1.2. Regression Concepts#

Let’s begin with a ‘toy’ dataset, by which I mean a dataset with a small number of data points so that we can easily see what is going on.

There are only 10 data points here, but the data are real! These are country average levels of life satisfaction and GDP per capita for a selection of countries in Europe in 2020.

I downloaded these data from the Our World in Data website for all of Europe, then randomly selected 10 countries. There are a lot of real-world studies on the topic of the relationship between wealth and happiness.

Here, we’ll focus on the concepts. We’ll get onto the Python code for regression later.

https://raw.githubusercontent.com/jillxoreilly/StatsCourseBook_2024/main/images/regression1_happinessTable.png

First, we can examine the relationship visually in a scatter plot:

https://raw.githubusercontent.com/jillxoreilly/StatsCourseBook_2024/main/images/regression1_happinessScatter.png
  • What can you say about the relationship from eyeballing the scatter plot?

The correlation between life satisfaction and GDP per capita is 0.65 meaning, as you recall from topic 4, that there is a positive relationship of moderate strength. As GDP increases, so does average life satisfaction.

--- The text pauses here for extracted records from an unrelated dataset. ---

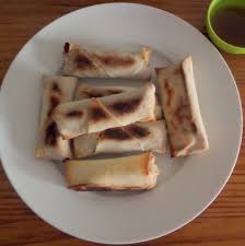 7. Roll it up tightly, making sure there isn’t much air. Brush some of your egg mixture on the last little flap and seal. Do this until all your rice paper is gone. Should make at least 4 rolls.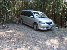 林道を進みましたが、やはりこの車では無理。道路わきの空き地に車を止めてここからスタートしました。 |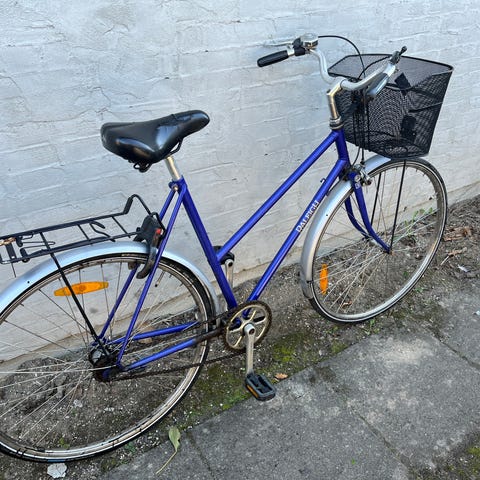 Cyklen har patina og brugsspor, som passer til alderen, men fungerer fint og er klar til daglig brug.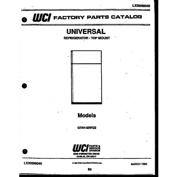 Parts for Frigidaire GTN140WGW2: 01 - Cover Parts

  • The regression equation takes the form \(\hat{y}=a+bx\) where \(\hat{y}\) (known as “y-hat”) is the predicted value of \(y\), \(a\) is the intercept, and \(b\) is the slope. What are the \(y\) and \(x\) in the life satisfaction example?

  • In regression analysis, you need to be careful about saying which variable is \(y\) and which is \(x\). Why is this?

Other terms to remember are dependent variable (\(y\)) and independent variable (\(x\)). We can have multiple independent variables in regression model, a point we will examine in detail next week.

  • So, let’s get to our regression equation for the life satisfaction data. We’ll get to the calculation later, so for now, I am just providing the regression equation for you. The regression equation here is Life Satisfaction= 5.85 + 0.018(GDPpc). Look back at the scatter plot, do the coefficients make sense?

https://raw.githubusercontent.com/jillxoreilly/StatsCourseBook_2024/main/images/regression1_happinessRegplot.png
  • One function of regression is that we can use it to “predict” the outcome variable of a hypothetical country. Imagine we want to know: what would be the predicted level of life satisfaction in a country with a GDP per capita of 150 thousand dollars (a very rich country!)? Plug in ‘150’ in place of \(x\) in the equation and find \(y\)-hat (just use a calculator, or excel, or pen and paper at this point).

In the same way that we can plug in a hypothetical value (like 150 thousand dollars), we could also plug in the actual (or “observed”) values of \(x\) for our 10 countries. If we calculate y-hat for each country we can see the difference between the predicted level of life satisfaction and observed value. These have been added to the data table.

https://raw.githubusercontent.com/jillxoreilly/StatsCourseBook/main/images/regression1_happinessTable_res.png

*What is the name for \(y\) minus \(\hat{y}\)?

Looking at the residuals (\(y - \hat{y}\)), which are the largest values? (Take “largest” here to mean absolute values, i.e., both positive and negative numbers). How might you interpret those residuals?